Patient demographic details
- full name, including aliases
- date of birth
- residential and postal address
- telephone contact number/s – home, mobile and alternative
- Medicare number, where eligible
- name of the parent or caregiver, if appropriate
- preferred language and interpreter requirements
- identifies as Aboriginal and/or Torres Strait Islander
Clinical modifiers
- impact on employment
- impact on education
- impact on home
- impact on activities of daily living
- impact on ability to care for others
- impact on personal frailty or safety
- identifies as Aboriginal and/or Torres Strait Islander
Other relevant information
- Willingness to have surgery, where surgery is a likely intervention.

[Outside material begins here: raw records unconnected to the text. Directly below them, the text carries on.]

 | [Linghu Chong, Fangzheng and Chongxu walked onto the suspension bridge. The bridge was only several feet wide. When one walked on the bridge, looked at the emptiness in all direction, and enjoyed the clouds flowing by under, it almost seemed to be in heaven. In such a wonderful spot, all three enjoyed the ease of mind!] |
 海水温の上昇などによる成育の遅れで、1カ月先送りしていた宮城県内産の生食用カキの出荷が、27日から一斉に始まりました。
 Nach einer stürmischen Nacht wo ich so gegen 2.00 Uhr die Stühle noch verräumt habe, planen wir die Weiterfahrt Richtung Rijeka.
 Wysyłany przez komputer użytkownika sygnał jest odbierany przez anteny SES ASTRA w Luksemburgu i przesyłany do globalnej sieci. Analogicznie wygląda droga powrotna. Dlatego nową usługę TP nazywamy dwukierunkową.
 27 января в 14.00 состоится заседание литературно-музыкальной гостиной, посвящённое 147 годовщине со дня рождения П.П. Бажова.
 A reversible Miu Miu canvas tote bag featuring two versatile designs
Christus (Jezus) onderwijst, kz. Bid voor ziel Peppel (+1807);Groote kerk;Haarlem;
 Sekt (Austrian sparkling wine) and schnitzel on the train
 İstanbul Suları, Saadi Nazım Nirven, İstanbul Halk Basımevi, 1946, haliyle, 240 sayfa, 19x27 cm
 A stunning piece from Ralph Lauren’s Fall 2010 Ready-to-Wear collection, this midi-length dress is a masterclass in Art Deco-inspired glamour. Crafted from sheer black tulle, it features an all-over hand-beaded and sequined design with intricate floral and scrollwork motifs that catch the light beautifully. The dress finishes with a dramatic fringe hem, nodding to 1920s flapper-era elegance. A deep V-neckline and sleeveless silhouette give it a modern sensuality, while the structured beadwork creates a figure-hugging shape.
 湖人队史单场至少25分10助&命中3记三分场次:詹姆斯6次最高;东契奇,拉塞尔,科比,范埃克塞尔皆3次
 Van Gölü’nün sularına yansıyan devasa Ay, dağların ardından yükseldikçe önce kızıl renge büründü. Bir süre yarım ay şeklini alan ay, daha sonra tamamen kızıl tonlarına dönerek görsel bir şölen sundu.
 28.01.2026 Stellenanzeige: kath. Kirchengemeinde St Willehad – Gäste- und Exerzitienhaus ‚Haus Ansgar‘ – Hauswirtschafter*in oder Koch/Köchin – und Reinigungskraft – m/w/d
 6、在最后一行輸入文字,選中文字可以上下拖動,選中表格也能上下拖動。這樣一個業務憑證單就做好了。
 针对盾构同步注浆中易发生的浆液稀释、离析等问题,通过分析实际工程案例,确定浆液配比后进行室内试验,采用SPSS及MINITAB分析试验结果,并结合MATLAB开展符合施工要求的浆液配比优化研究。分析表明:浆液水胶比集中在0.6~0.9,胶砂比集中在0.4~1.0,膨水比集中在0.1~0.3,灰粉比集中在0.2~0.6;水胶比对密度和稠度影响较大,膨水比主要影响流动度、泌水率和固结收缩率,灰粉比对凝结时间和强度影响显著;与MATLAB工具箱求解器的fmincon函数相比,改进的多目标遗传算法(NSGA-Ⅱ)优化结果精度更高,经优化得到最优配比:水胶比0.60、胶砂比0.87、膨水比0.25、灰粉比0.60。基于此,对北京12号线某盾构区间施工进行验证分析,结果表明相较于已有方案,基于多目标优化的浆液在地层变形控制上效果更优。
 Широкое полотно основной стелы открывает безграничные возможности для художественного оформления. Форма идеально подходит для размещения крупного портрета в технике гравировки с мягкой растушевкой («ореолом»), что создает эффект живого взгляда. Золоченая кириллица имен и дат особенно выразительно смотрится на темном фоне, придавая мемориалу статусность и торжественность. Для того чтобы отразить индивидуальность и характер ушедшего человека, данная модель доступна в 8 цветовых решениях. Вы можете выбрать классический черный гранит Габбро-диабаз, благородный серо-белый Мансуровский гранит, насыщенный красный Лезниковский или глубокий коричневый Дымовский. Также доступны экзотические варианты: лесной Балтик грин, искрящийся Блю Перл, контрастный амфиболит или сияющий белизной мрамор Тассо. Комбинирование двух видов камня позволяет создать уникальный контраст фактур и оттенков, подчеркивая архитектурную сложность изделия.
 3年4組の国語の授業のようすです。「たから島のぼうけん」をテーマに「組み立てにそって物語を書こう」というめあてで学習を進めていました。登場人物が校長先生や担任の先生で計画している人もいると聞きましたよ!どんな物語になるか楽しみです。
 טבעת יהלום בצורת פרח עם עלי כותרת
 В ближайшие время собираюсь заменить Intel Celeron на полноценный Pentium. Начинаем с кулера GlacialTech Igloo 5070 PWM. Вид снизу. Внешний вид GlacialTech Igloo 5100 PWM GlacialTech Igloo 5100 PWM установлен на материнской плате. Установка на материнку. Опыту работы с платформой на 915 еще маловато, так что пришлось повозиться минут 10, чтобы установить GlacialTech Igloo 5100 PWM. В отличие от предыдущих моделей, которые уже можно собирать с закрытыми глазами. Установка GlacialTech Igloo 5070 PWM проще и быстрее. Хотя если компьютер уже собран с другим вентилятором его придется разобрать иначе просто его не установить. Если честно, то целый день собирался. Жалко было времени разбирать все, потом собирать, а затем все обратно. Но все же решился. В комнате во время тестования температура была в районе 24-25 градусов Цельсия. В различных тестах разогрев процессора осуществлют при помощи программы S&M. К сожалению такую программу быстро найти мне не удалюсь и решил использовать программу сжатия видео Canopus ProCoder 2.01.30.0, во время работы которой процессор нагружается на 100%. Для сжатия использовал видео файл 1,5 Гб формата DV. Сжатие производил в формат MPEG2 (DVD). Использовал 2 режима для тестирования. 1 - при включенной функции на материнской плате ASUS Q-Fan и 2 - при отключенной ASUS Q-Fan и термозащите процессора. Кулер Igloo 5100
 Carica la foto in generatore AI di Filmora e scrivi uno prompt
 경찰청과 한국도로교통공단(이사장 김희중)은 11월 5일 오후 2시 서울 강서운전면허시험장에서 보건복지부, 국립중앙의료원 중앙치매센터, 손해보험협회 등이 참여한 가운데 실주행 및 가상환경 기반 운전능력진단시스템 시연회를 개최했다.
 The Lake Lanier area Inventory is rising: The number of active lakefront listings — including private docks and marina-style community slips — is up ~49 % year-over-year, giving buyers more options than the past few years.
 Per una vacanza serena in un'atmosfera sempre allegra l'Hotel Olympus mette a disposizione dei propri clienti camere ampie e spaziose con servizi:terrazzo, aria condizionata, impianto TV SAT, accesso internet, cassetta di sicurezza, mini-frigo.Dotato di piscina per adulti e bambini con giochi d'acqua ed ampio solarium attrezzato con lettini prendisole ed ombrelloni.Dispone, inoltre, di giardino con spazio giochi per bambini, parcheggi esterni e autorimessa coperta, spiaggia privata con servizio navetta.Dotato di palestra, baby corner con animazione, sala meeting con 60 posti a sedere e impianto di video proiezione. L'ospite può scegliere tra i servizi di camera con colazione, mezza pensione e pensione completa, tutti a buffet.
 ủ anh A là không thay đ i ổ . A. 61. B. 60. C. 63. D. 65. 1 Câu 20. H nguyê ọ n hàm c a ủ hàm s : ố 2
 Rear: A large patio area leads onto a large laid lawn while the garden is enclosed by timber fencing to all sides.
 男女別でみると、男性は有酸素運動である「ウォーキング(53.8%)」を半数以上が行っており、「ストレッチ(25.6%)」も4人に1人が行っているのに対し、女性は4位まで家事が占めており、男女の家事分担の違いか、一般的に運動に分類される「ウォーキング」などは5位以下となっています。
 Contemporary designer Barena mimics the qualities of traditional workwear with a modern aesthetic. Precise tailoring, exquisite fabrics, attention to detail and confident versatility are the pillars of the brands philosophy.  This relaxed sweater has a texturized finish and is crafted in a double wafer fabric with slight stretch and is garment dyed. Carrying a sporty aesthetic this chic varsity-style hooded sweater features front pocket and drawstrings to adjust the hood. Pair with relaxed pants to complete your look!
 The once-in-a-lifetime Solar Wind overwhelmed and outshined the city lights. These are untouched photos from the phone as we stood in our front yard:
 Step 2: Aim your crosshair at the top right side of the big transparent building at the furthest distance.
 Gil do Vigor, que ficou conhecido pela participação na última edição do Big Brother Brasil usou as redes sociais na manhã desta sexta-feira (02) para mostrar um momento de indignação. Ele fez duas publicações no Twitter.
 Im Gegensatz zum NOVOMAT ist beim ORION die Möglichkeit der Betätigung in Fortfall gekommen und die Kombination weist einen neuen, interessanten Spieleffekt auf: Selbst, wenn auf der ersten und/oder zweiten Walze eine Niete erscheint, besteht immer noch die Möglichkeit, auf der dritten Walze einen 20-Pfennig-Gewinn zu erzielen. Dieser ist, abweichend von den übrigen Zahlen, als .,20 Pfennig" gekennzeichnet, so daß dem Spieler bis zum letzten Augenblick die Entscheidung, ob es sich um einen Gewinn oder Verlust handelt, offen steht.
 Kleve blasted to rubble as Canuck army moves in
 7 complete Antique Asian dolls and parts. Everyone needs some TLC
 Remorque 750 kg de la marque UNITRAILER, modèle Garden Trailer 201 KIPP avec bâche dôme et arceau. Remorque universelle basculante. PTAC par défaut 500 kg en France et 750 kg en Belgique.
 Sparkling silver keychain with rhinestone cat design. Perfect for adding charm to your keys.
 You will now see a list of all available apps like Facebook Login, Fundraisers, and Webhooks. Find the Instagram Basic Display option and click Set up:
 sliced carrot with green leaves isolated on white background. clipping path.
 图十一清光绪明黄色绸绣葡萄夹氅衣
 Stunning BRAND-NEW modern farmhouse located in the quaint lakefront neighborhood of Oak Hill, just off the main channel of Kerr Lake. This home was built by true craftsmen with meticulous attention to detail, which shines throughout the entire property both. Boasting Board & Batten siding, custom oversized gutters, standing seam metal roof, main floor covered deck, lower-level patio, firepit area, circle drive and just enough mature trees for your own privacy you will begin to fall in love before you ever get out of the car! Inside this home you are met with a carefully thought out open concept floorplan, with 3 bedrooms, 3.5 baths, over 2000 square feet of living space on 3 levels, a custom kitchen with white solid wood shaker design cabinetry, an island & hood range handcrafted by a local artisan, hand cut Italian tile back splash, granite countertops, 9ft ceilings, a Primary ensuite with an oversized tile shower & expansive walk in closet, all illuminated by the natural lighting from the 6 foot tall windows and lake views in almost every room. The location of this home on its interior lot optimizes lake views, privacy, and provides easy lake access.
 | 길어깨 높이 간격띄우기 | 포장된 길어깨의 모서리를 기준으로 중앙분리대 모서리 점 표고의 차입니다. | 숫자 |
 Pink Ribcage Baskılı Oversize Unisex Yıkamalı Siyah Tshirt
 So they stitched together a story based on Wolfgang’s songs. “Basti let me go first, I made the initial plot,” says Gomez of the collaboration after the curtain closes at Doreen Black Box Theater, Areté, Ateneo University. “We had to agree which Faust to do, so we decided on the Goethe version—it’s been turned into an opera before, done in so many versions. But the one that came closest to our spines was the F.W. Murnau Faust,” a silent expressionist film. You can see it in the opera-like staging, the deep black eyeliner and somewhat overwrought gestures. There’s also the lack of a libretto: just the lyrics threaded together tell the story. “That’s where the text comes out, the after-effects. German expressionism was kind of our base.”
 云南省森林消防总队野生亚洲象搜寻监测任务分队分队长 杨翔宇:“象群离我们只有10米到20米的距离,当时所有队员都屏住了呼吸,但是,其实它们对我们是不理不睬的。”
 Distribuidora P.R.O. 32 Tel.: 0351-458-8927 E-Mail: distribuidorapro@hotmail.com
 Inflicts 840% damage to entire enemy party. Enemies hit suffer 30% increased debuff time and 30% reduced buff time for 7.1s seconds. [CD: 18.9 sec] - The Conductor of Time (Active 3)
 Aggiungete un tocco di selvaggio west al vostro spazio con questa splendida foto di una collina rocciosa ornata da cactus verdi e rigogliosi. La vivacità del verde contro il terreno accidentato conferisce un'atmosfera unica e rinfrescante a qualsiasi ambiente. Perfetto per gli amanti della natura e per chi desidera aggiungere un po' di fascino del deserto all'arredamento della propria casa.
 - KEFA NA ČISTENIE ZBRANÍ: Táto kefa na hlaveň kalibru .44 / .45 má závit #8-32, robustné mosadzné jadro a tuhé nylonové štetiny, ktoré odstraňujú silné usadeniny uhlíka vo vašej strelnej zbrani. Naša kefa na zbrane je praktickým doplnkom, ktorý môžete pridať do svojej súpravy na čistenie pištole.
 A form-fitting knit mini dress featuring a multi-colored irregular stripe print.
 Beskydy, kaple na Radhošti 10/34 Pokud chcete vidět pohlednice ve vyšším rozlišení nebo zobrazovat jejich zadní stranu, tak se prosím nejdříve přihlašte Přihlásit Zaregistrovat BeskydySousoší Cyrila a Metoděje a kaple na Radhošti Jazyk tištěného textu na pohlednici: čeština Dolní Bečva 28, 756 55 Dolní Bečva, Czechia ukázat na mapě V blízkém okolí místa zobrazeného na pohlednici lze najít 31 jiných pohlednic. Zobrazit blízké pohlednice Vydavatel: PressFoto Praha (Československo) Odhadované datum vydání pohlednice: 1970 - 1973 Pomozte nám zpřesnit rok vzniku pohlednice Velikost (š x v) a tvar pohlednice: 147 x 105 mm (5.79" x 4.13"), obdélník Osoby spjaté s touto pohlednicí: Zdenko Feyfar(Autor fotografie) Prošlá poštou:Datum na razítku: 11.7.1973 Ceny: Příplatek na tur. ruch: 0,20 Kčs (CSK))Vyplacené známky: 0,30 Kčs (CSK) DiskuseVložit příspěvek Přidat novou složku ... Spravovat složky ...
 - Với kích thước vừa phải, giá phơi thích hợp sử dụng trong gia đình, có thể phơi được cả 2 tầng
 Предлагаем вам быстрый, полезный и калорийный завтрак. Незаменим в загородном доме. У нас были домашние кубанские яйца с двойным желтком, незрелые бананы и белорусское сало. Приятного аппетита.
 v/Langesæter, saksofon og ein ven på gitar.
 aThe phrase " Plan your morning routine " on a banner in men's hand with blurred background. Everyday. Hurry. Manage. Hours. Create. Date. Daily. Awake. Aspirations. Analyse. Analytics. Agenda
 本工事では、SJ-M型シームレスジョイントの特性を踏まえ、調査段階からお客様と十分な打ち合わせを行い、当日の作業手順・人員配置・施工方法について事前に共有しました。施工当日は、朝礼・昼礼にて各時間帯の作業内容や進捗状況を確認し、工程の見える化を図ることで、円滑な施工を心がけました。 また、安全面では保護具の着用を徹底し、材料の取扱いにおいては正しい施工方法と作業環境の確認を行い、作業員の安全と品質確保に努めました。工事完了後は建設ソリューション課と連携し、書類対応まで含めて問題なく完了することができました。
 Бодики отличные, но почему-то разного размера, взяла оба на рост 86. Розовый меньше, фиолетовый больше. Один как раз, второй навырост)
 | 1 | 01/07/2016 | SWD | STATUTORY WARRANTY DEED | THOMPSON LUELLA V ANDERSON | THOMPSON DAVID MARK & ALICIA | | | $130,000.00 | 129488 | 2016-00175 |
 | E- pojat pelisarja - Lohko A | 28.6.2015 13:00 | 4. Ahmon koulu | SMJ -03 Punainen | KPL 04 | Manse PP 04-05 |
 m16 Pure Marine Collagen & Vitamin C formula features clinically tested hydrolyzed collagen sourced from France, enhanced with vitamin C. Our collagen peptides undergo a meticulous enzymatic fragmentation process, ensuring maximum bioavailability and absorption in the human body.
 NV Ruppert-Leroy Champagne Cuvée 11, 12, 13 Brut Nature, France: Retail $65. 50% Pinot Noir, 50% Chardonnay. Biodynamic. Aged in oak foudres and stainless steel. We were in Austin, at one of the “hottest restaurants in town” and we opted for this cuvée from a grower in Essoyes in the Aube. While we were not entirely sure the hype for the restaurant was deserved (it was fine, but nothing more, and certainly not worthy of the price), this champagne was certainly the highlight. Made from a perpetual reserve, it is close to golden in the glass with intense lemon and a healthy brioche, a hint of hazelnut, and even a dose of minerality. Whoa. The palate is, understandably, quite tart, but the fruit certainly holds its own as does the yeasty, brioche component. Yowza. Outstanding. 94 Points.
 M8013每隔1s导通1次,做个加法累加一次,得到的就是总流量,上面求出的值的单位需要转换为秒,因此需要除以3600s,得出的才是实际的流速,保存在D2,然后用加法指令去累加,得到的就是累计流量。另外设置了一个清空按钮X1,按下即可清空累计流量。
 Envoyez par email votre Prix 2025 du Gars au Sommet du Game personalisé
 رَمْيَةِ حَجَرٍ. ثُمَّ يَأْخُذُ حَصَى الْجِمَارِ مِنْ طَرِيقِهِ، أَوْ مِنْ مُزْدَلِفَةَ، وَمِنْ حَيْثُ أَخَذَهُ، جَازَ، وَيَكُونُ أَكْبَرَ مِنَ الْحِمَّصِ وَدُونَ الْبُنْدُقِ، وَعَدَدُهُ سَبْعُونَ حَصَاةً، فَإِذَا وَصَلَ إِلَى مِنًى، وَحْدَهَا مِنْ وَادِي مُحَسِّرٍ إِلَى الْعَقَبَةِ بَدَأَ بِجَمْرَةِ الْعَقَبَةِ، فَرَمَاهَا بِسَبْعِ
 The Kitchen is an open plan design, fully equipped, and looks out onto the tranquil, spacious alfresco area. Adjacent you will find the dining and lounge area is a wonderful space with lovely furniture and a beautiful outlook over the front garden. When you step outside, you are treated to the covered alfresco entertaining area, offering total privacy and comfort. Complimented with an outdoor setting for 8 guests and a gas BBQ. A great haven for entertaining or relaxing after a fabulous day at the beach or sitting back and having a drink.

- Choice to be treated as a public or private patient.
- Compensable status, e.g. DVA, Work Cover, Motor Vehicle Insurance, etc.
- Relevant social history, including identifying if you feel your patient is from a vulnerable population, under guardianship/out-of-home care arrangements and/or requires a third party to receive correspondence on their behalf.
- Triage of a specialist outpatient referral is based on clinical decision making to allocate an appropriate urgency categorisation.
- Where appropriate and where available, the referral may be streamed to an associated public allied health and/or nursing service. Access to some specific services may include initial assessment and management by associated public allied health and/or nursing, which may either facilitate or negate the need to see the public medical specialist.
- A change in patient circumstance (such as condition deteriorating or pregnancy) may affect the urgency categorisation and should be communicated as soon as possible.
- All new referrals will be triaged by a consultant and appointment times scheduled according to clinical urgency.